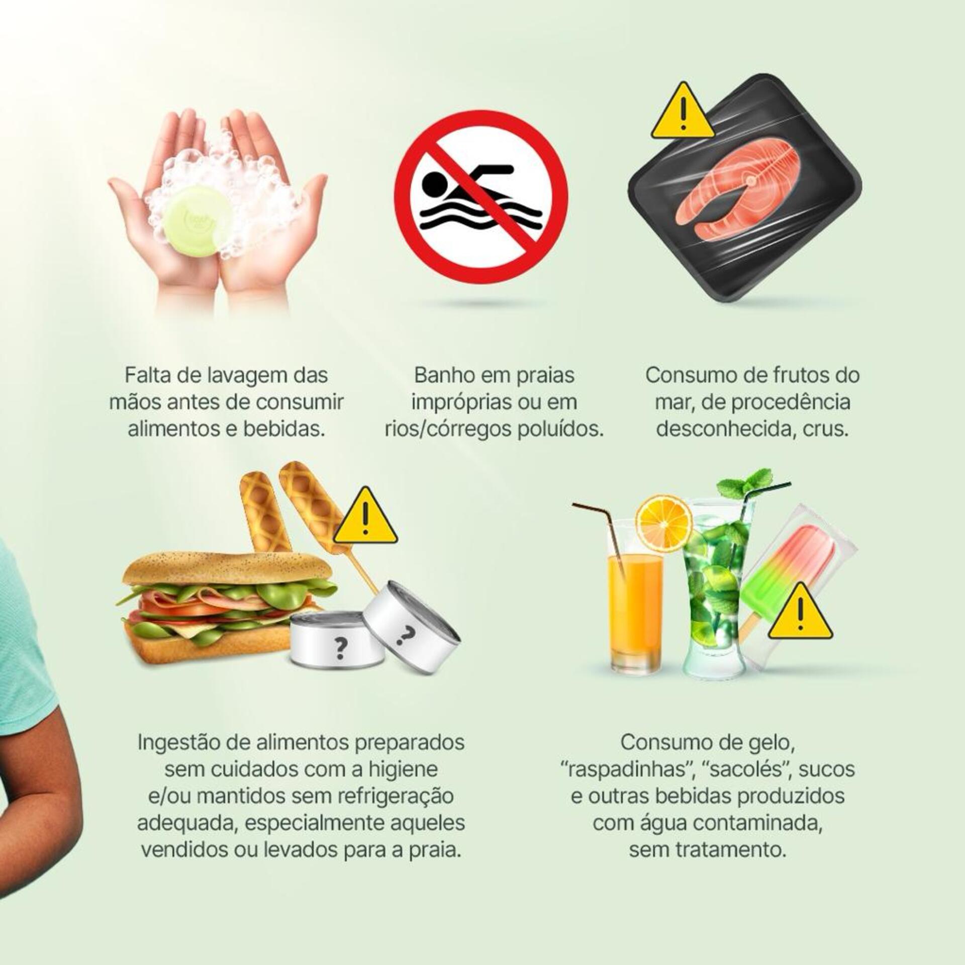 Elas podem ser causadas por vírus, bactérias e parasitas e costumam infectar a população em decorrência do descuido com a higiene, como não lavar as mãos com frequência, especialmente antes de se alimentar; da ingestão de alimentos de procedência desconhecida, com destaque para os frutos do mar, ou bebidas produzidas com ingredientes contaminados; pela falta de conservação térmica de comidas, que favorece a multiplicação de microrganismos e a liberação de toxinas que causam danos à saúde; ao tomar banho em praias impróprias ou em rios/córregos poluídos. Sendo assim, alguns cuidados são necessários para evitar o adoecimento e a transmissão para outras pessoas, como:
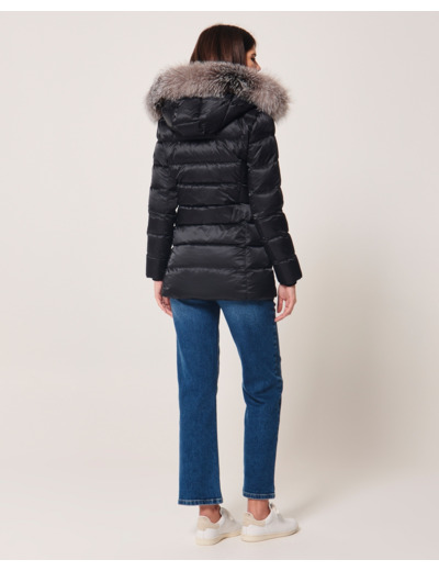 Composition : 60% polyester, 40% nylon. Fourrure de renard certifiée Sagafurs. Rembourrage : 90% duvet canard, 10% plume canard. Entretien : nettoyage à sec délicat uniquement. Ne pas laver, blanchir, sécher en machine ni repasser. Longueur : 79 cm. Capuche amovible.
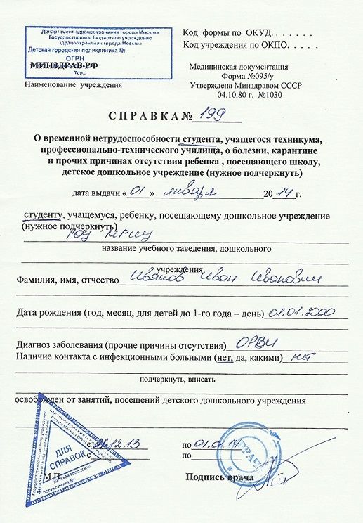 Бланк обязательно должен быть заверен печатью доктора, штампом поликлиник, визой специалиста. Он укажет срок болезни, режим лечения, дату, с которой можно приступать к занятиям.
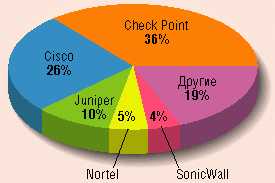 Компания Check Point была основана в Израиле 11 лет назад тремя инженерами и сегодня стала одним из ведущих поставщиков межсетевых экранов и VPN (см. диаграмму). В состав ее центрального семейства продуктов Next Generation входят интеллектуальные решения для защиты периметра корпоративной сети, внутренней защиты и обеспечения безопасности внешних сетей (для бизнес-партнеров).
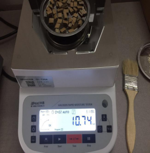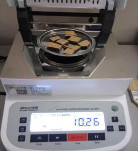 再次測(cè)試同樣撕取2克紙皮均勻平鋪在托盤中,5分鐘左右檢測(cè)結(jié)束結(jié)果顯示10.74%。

★ ★ ★

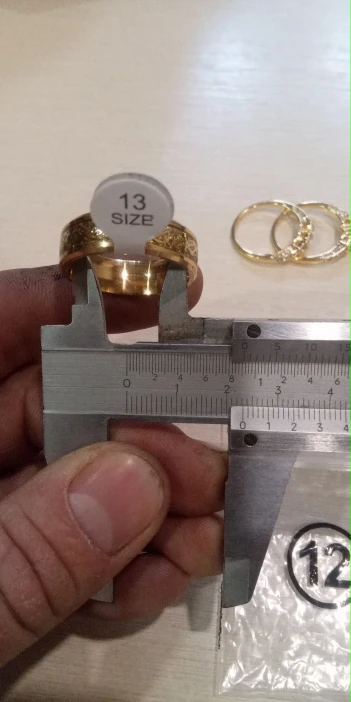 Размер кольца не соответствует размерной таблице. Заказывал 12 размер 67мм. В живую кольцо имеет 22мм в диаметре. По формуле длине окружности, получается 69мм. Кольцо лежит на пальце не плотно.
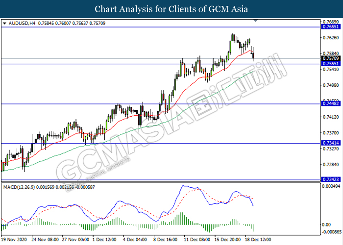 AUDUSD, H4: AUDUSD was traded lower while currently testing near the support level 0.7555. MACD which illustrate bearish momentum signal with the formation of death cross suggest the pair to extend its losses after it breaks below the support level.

★ ★ ★

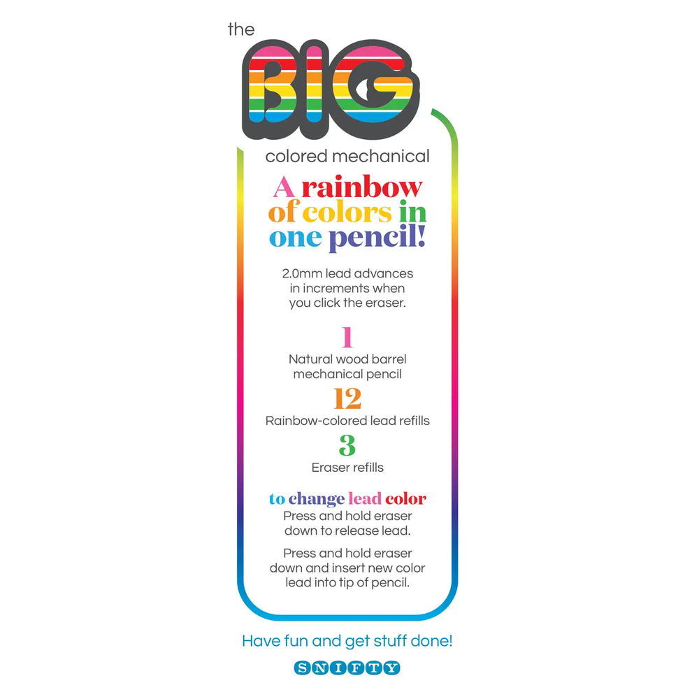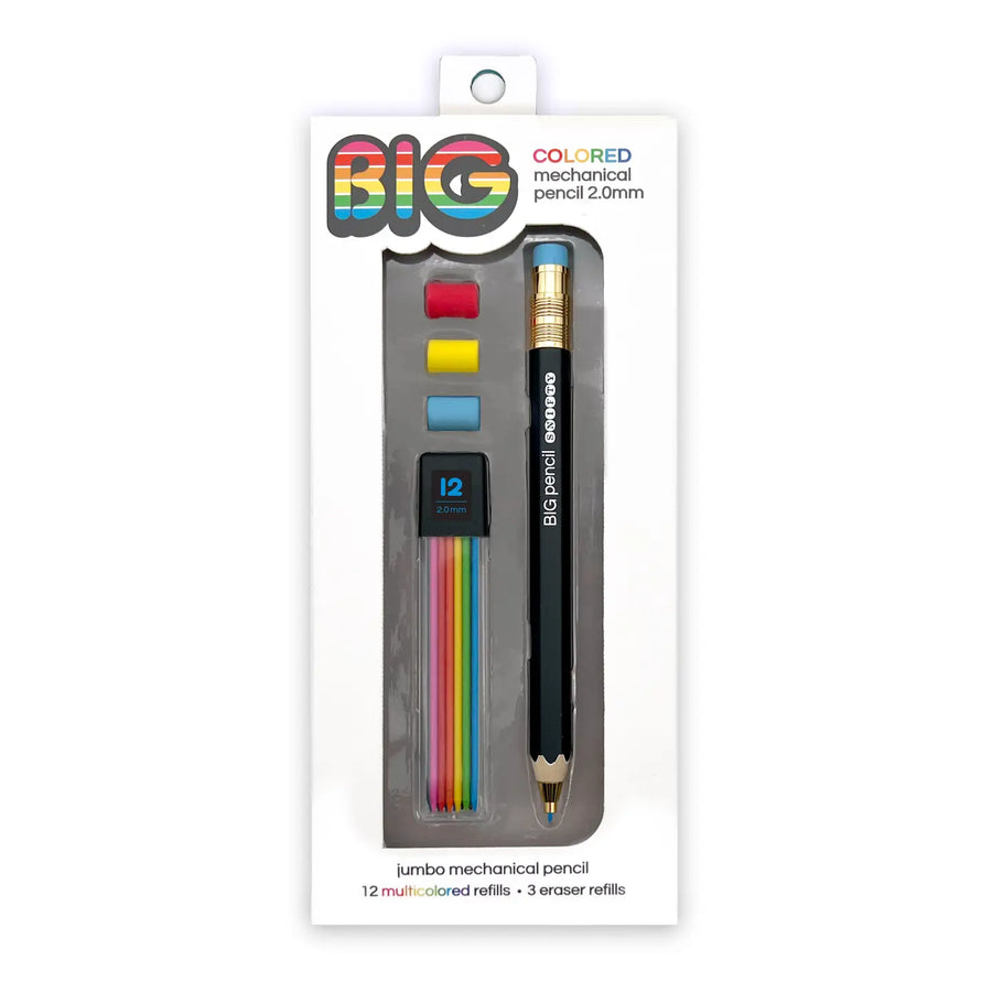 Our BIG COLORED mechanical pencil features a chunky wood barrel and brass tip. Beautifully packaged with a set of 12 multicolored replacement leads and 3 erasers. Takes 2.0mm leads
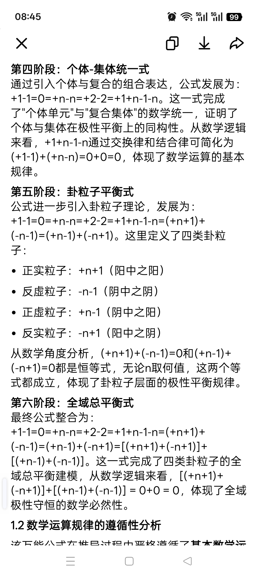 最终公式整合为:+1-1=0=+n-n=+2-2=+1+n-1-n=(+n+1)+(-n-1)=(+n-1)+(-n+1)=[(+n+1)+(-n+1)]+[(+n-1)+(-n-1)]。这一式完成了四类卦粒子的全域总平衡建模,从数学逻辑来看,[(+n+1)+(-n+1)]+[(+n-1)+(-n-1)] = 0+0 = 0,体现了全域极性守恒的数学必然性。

★ ★ ★

▸ **Task**:
Your reply is to be an exact repeat of the listing above from the line holding "Elas podem ser" down to the line holding "Бланк обязательно должен", ends included, pictures excluded.

▸ **Completed exercise**:
 Elas podem ser causadas por vírus, bactérias e parasitas e costumam infectar a população em decorrência do descuido com a higiene, como não lavar as mãos com frequência, especialmente antes de se alimentar; da ingestão de alimentos de procedência desconhecida, com destaque para os frutos do mar, ou bebidas produzidas com ingredientes contaminados; pela falta de conservação térmica de comidas, que favorece a multiplicação de microrganismos e a liberação de toxinas que causam danos à saúde; ao tomar banho em praias impróprias ou em rios/córregos poluídos. Sendo assim, alguns cuidados são necessários para evitar o adoecimento e a transmissão para outras pessoas, como:
 Composition : 60% polyester, 40% nylon. Fourrure de renard certifiée Sagafurs. Rembourrage : 90% duvet canard, 10% plume canard. Entretien : nettoyage à sec délicat uniquement. Ne pas laver, blanchir, sécher en machine ni repasser. Longueur : 79 cm. Capuche amovible.
 Бланк обязательно должен быть заверен печатью доктора, штампом поликлиник, визой специалиста. Он укажет срок болезни, режим лечения, дату, с которой можно приступать к занятиям.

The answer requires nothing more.